Neutralizing antibodies (NAbs) are of particular importance because they can prevent binding of the receptor binding domain (RBD) of the spike protein (S protein) to the angiotensin-converting enzyme 2 (ACE2) receptor present at the surface of human cells, preventing virus entry into the host cells. The gold standard method for detection of NAbs is the plaque reduction neutralization test (PRNT). Based on the measurement of cell lysis due to viral infection, this test is able to detect antibodies that prevent cell infection (Muruato et al., 2020; Lau et al., 2021). This technique requires the use of live pathogens, i.e., SARS-CoV-2 in this case, and must be done in a biosafety level 3 (BL3) laboratory. In addition, it requires expensive installations, skillful and meticulous staff, and a high workload, which prevents its wide implementation even in research laboratories. A SARS-CoV-2 pseudovirus will express the S protein responsible for cell entrance, but will not express the pathogenic genetic material of the virus, making them less dangerous for laboratory staff and the environment.


Graphic abstract:



Keywords: COVID-19 (COVID-19), SARS-CoV-2 ( SARS-CoV-2), Neutralizing antibody (中和抗体), Pseudo-type virus (假型病毒), Immune response (免疫反应)

Background

The gold standard method for detection of NAbs is the plaque reduction neutralization test (PRNT) (Perera et al., 2020). Based on the measurement of cell lysis due to viral infection, this test is able to detect antibodies that prevent the cell infection (Muruato et al., 2020; Lau et al., 2021). Such technique requires the use of live pathogens, i.e., SARS-CoV-2 in this case, and must be done in a biosafety level 3 (BL3) laboratory. In addition, it requires expensive installations, skillful and meticulous staff, and a high workload, which prevent its wide implementation even in research laboratories (Muruato et al., 2020; Lee et al., 2021). Such facilities are not widely available, and only very specialized institutions can offer access to BL3 laboratories and trained staff. Quite similar neutralization techniques based on pseudoviral particles (called pseudo-virus neutralization tests, pVNT) have been developed, and can be performed in BL2 laboratories, allowing higher throughput (Nie et al., 2020a). A SARS-CoV-2 pseudovirus will express the S protein responsible for cell entrance, but will not express the pathogenic genetic material of the virus, making them less dangerous (Nie et al., 2020a, 2020b).

Materials and Reagents

  1. Sterile white 384-well µClear flat bottom cell culture plate with lid (Greiner Bio-One, Kremsmünster, Austria, catalog number: 781098)

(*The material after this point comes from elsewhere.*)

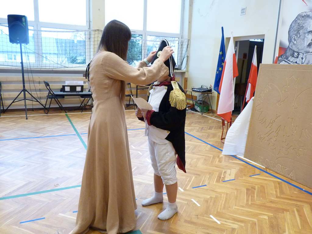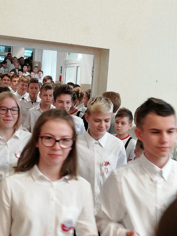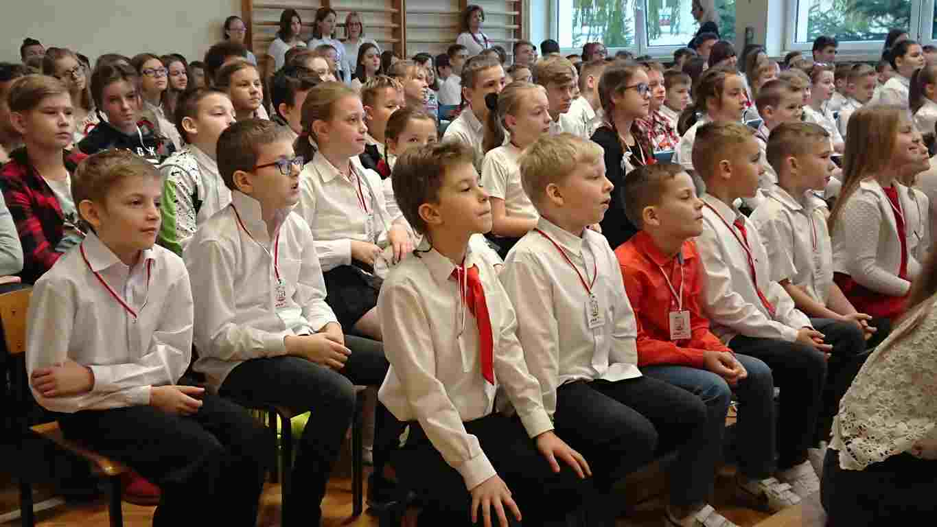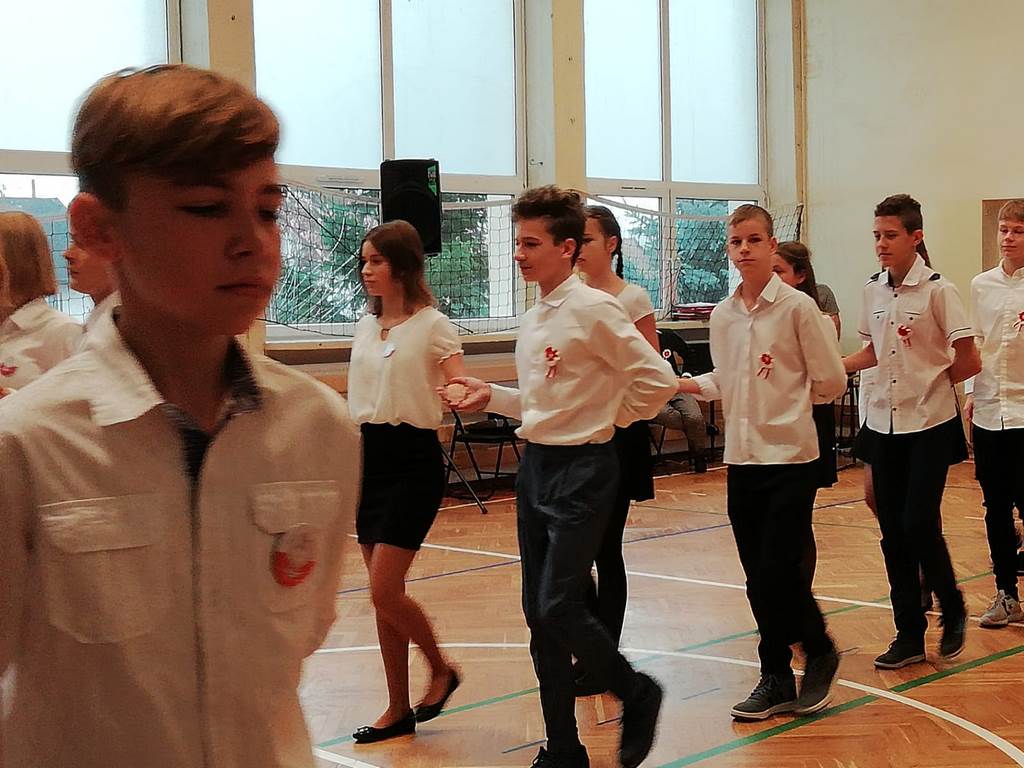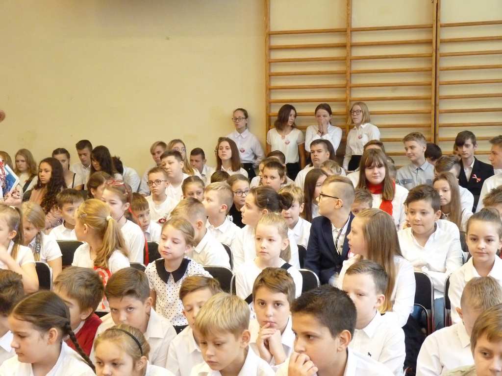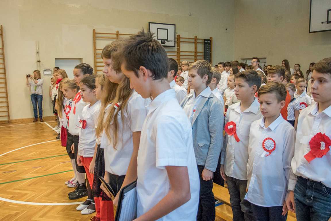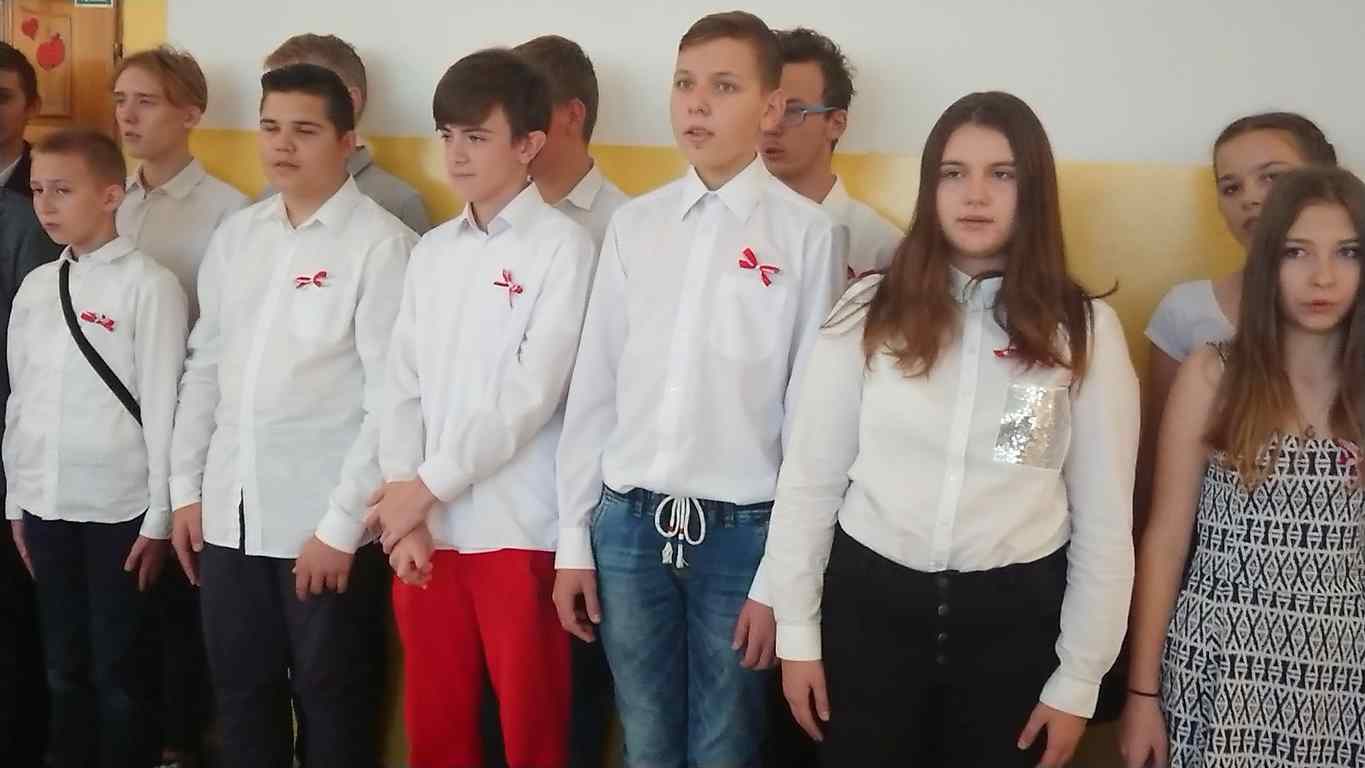 Kolejnym punktem szkolnych uroczystości było wspólne odśpiewanie hymnu. W ramach inicjatywy MEN uczniowie oraz wszyscy pracownicy szkoły zgromadzili się na szkolnych korytarzach, by punktualnie o 11.11 z dumą i powagą na twarzach oraz radością w sercach uczcić najważniejsze święto państwowe czterema zwrotkami „Mazurka Dąbrowskiego”.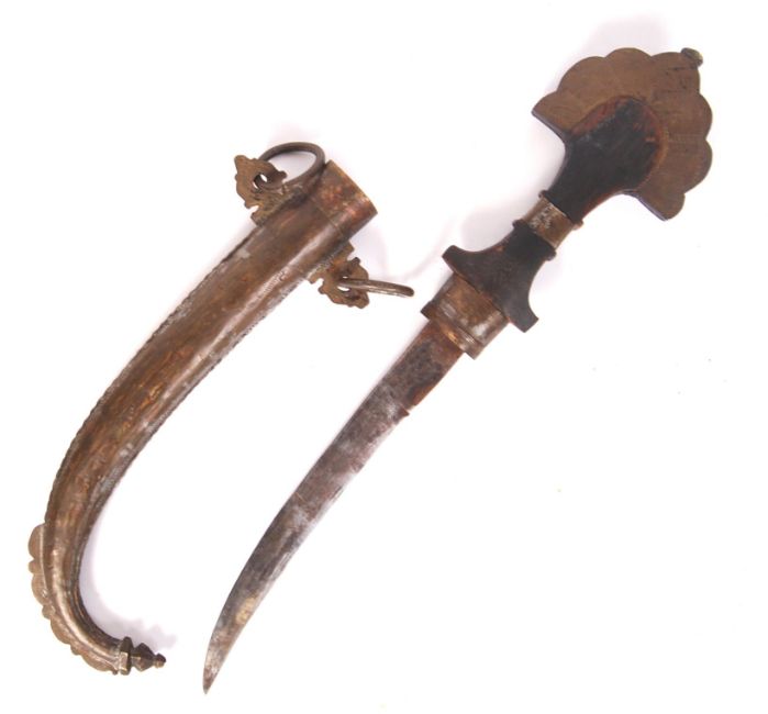 An early 20th century Middle Eastern Jambiy a dagger having a wooden carved, brass adorned and gem handled curved edge bladed dagger with heavily decorated and chased brass scabbard with two large hooking rings. Measures; 46cm.

  2. Sterile 384-well flat bottom assay plate with lid (Corning, NY, USA, catalog number: 3701)

  3. Pipette tip 200 µL (Thermo Fisher Scientific, Waltham, MA, USA, catalog number: AM12650)

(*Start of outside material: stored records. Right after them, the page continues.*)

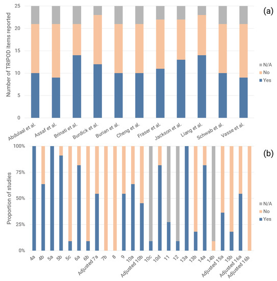(a) Number of TRIPOD items reported per study and (b) Proportion of studies reporting on each TRIPOD item.
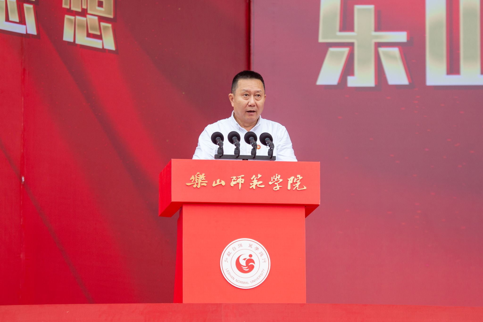 学校党委常委、副校长汪天飞作军训总结,他在总结中祝贺同学们在军训中锤炼了军事技能、勇敢精神、坚韧意志和作风纪律;感谢连日来辛勤付出的教官们发扬“退役不退志、退伍不褪色”的优良传统和作风,按照计划圆满完成训练任务;向长期以来支持我校国防教育工作的乐山军分区、乐山市市中区人民武装部首长们表示衷心的感谢。他向同学们提出了几点希望,一是希望同学们继续发扬和巩固军训成果,学习军人的勇敢与忠诚,把在军训中展现的精神风貌延续到今后的学习、工作与生活中;二是希望同学们牢记刘进校长在开学典礼上的深情寄语和谆谆教诲,勇敢面对未来的困难和挑战;三是希望同学们弘扬“敢为人先,臻于至善”的乐师精神,争做新时代的开创者、建设者和奋进者,为中华民族伟大复兴贡献青春力量!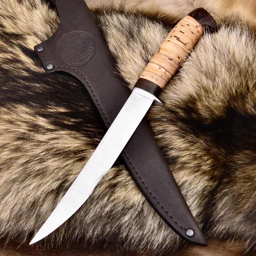 🔪Филейный нож Судак средний, сталь 95Х18, береста, венге

  4. Eppendorf tube (Sigma-Aldrich, Saint-Louis, MO, USA, catalog number: T2795)

  5. 50 mL reagent reservoir sterile polystyrene (Merck, Overijse, Belgium, catalog number: CLS4870)

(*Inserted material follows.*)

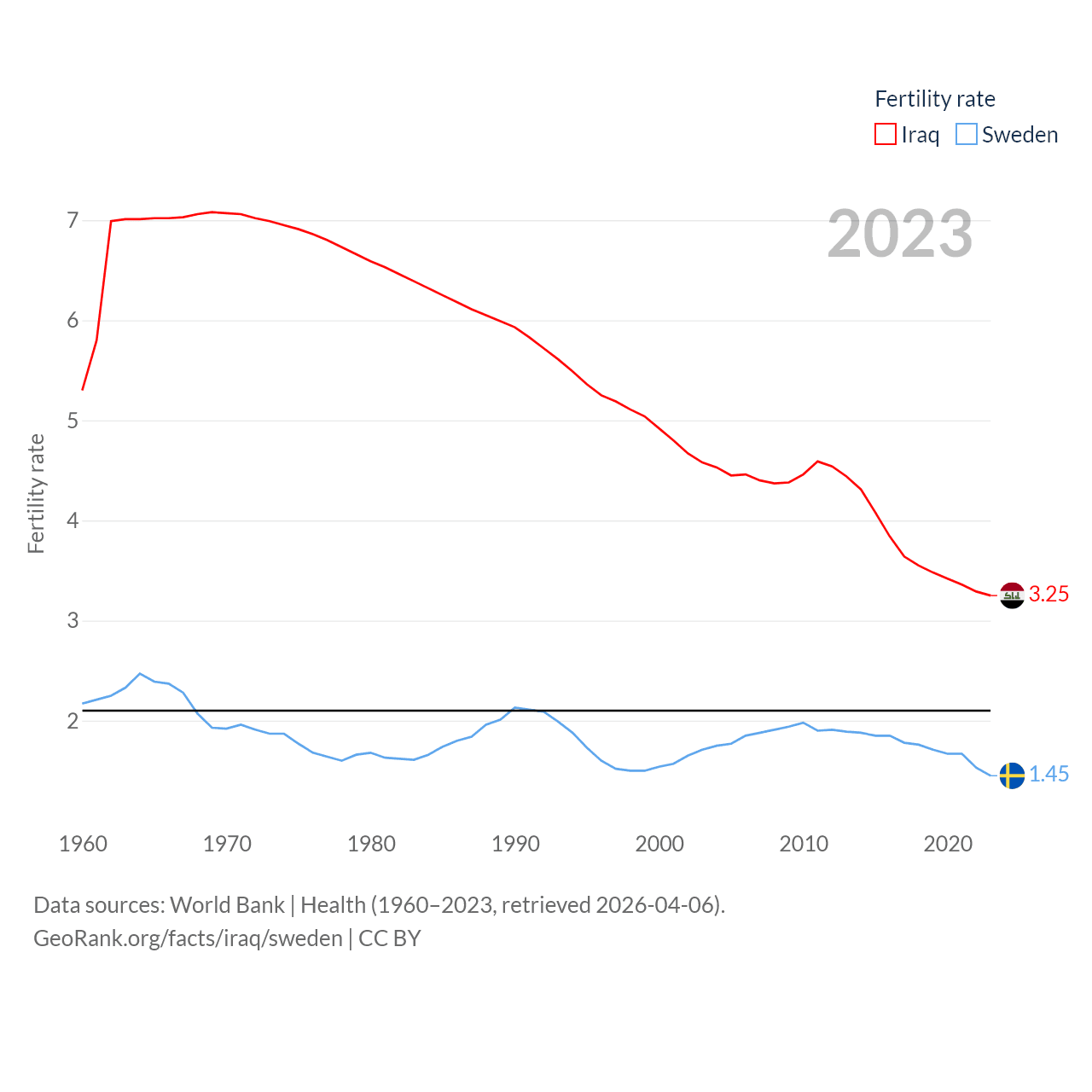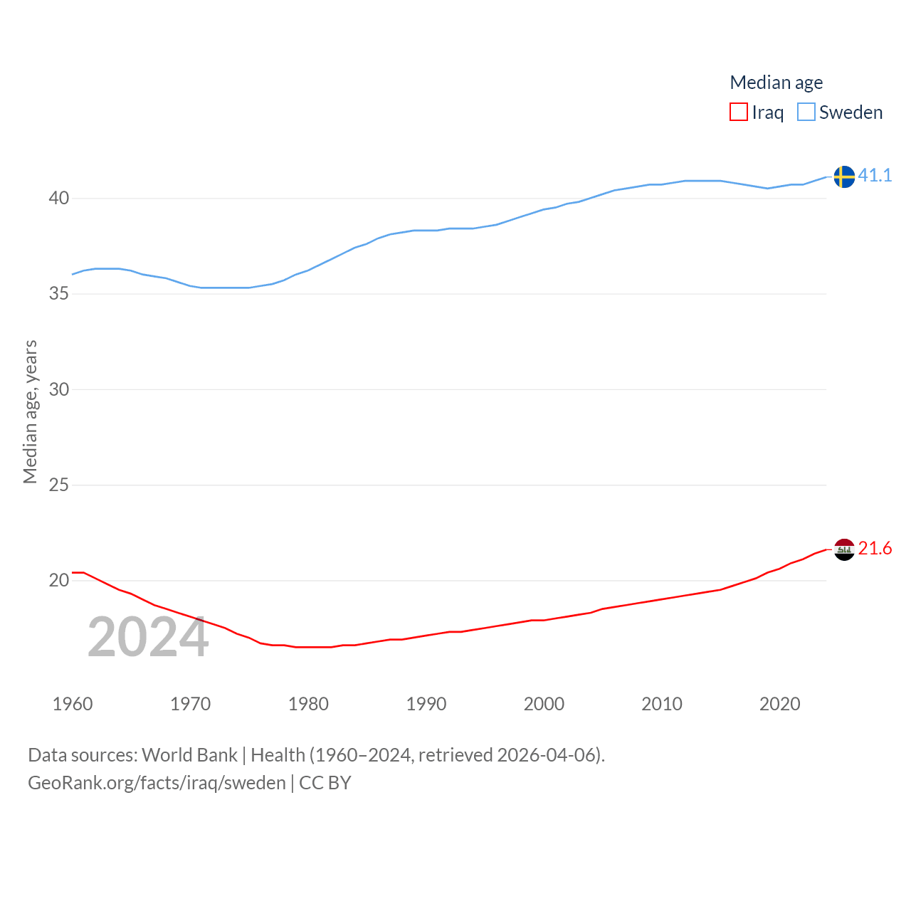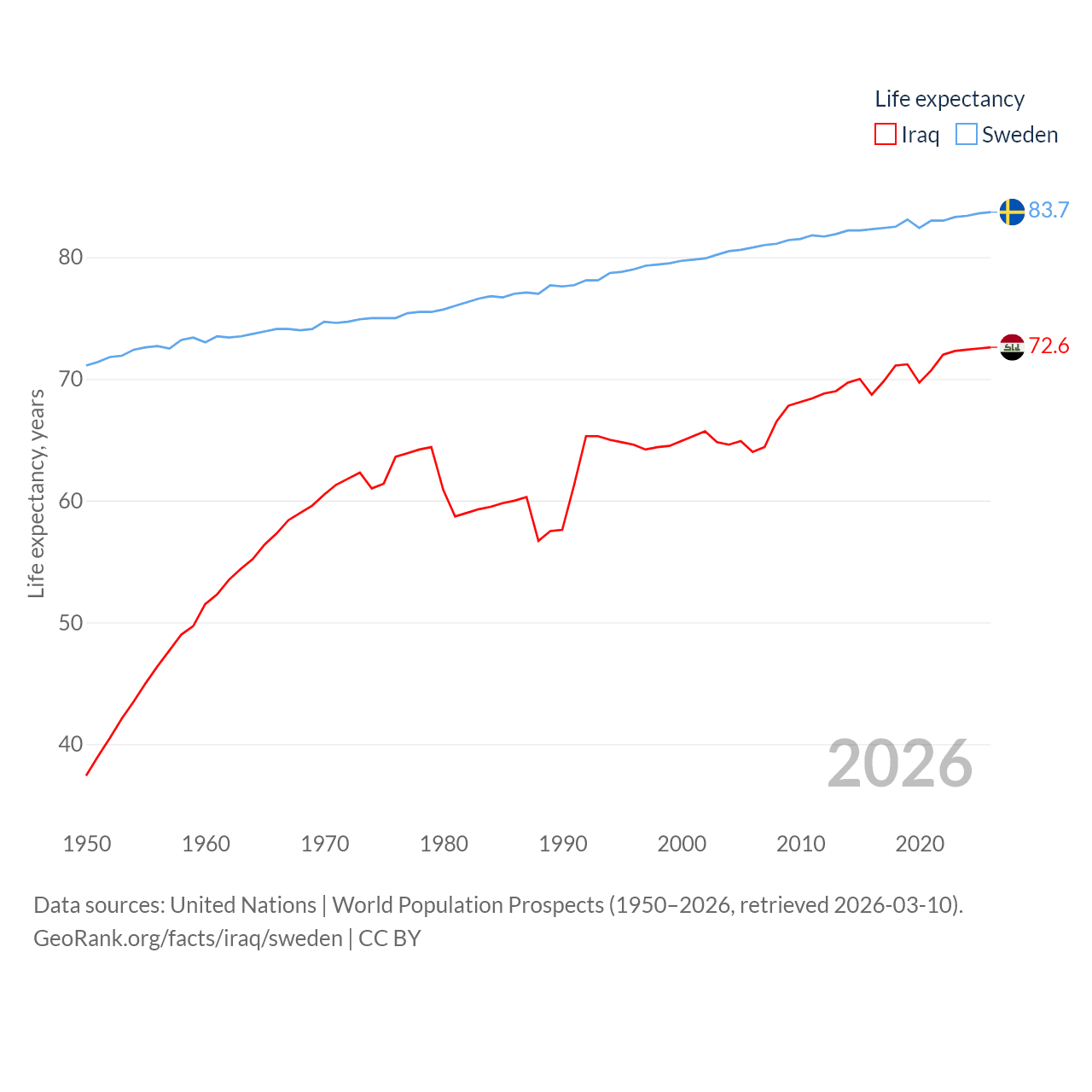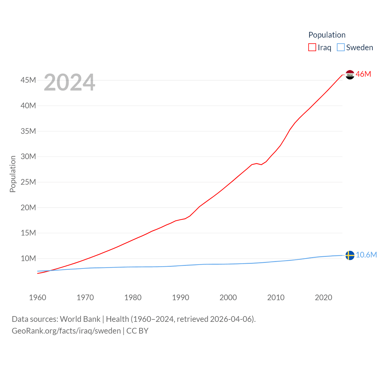 Iraq has a population of 46M (ranked 34/197), compared with 10.6M in Sweden (ranked 93/197). Iraq's land area is 167,619 sq mi versus 157,248 sq mi for Sweden (ranked 57th vs. 58th).

  6. HEK-293T hACE2 (Invivogen, San Diego, CA, USA, catalog number: HKB-hACE2)

  7. SARS-CoV-2 Pseudoviral Particles (E-enzyme, Gaithersburg, MD, USA, catalog number: SCV2-PsV-001)

  8. Dulbecco’s Modified Eagle Medium (DMEM), with L-glutamine and glucose (Lonza, Bâle, Switzerland, catalog number: LO BE12-604F)

  9. FireFly Luciferase kit (E-enzyme, Gaithersburg, MD, USA, catalog number: CA-L165-10)

  10. Tryptan blue (Invitrogen by Thermo Fisher Scientific, Waltham, MA, USA, catalog number: T10282)

Equipment

  1. Spectramax 3 iD (Molecular Devices, LLC, CA, USA)

  2. Laminar flow hood (Thermo Fisher Scientific, Waltham, MA, USA, MSC Advantage 1.8 catalog number: 51025413)

  3. Electronic multichannel 5–125 µL pipette (Brand, Transferpette -12 electronic, catalog number: 705453)

  4. Monochannel 5–50 µL pipette (Socorex, Ecubens, Switzerland, catalog number: 825.0050)

  5. Centrifuge 5702 (Eppendorf, Hamburg, Deutschland, catalog number: 5702000320)

  6. Neubauer counting slide (Hecht Assistant, Altnau, Switzeland, catalog number: 40441)

  7. Julobo ED Water bath (Sigma Aldrich, Saint-Louis, MO, USA, catalog number: Z615498)

Software

  1. GraphPad Prism software (version 9.1.0, San Diego, CA, USA)

Procedure

  1. Cell inoculation on a 384-well plate

    To determine the quantity of cell suspension necessary, a calculation of this type must be made:

    1. A volume of 15 μL of cell suspension within ± 8.5 × 103 cells are seeded in each well of the 384-wells plate. The quantity of cells suspension to prepare is 15 µL × 384 × X, where X is the number of plates to prepare.

    2. To prepare this cell suspension, after counting and centrifugation, add the volume required to have 566 cells per µL.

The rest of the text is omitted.